▶ Assignment
This exercise requires an exact output of the listing, images omitted.

▶ Dataset excerpt

◆ ◆ ◆

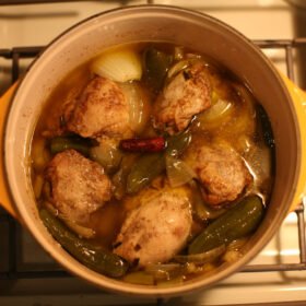 - Add the marinated chicken and cook for a few minutes until the chicken is browned on all sides.
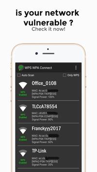 Wi-Fi Protected Setup (WPS; Wi-Fi Simple Config) is a network security standard to create a secure wireless home network using wps button on router. Wps Wpa Connect checks your network if its secure connection through WPS protocol.
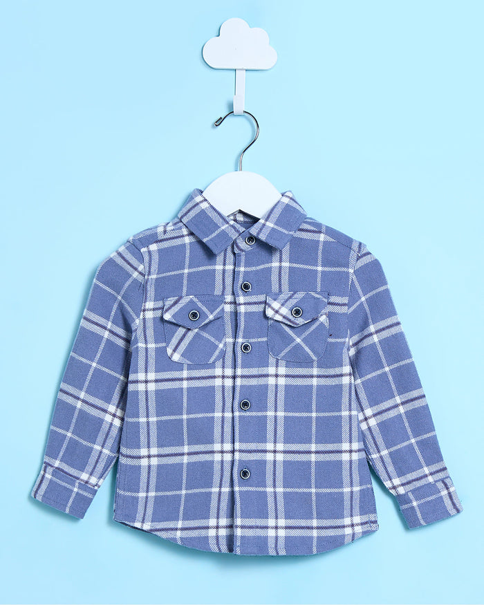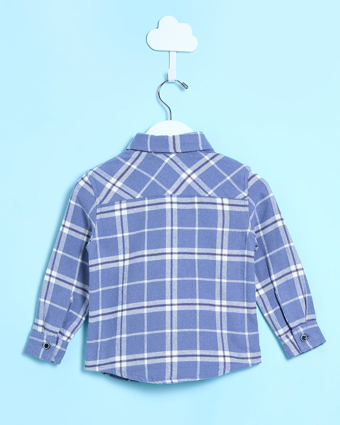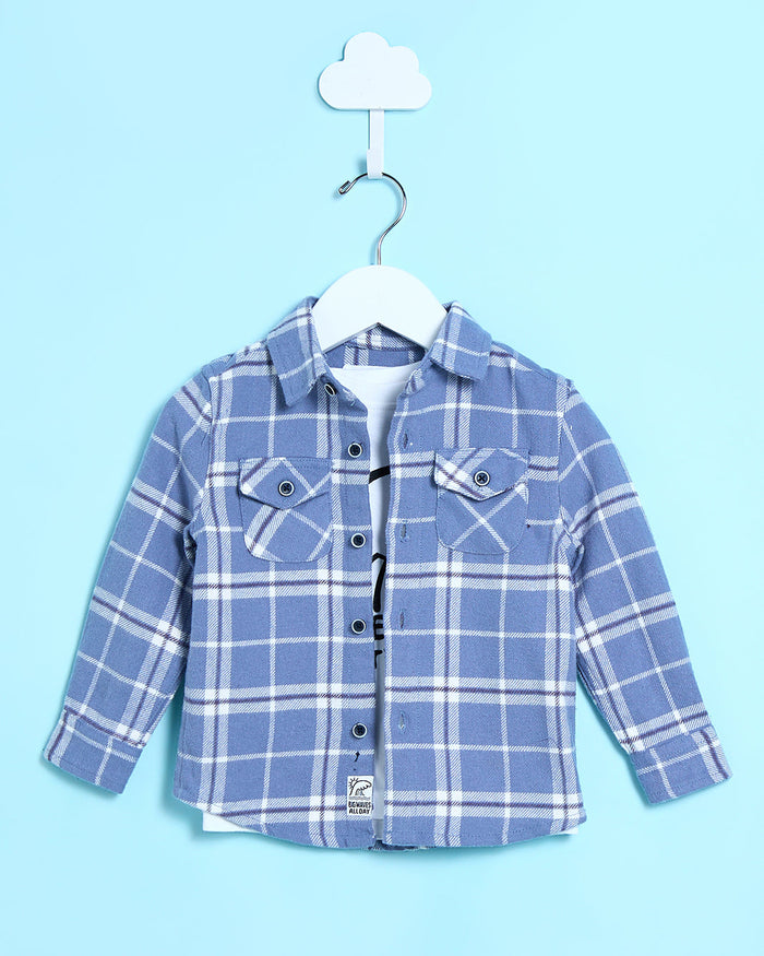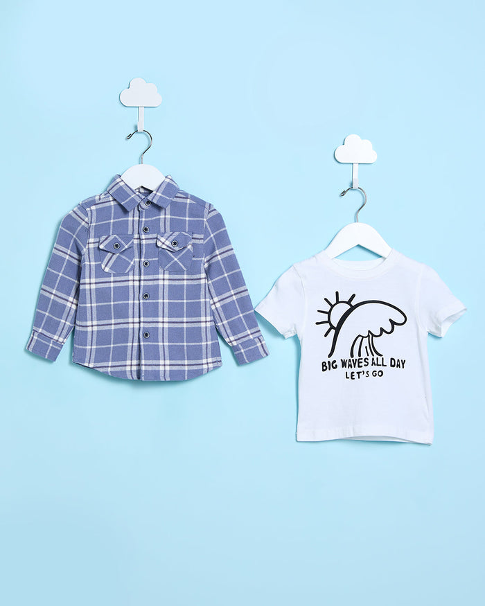 Infant Boys Blue And White Checked Shirt With T-Shirt Set (2 Piece)

◆ ◆ ◆

▶ Solved problem
 - Add the marinated chicken and cook for a few minutes until the chicken is browned on all sides.
 Wi-Fi Protected Setup (WPS; Wi-Fi Simple Config) is a network security standard to create a secure wireless home network using wps button on router. Wps Wpa Connect checks your network if its secure connection through WPS protocol.
 Infant Boys Blue And White Checked Shirt With T-Shirt Set (2 Piece)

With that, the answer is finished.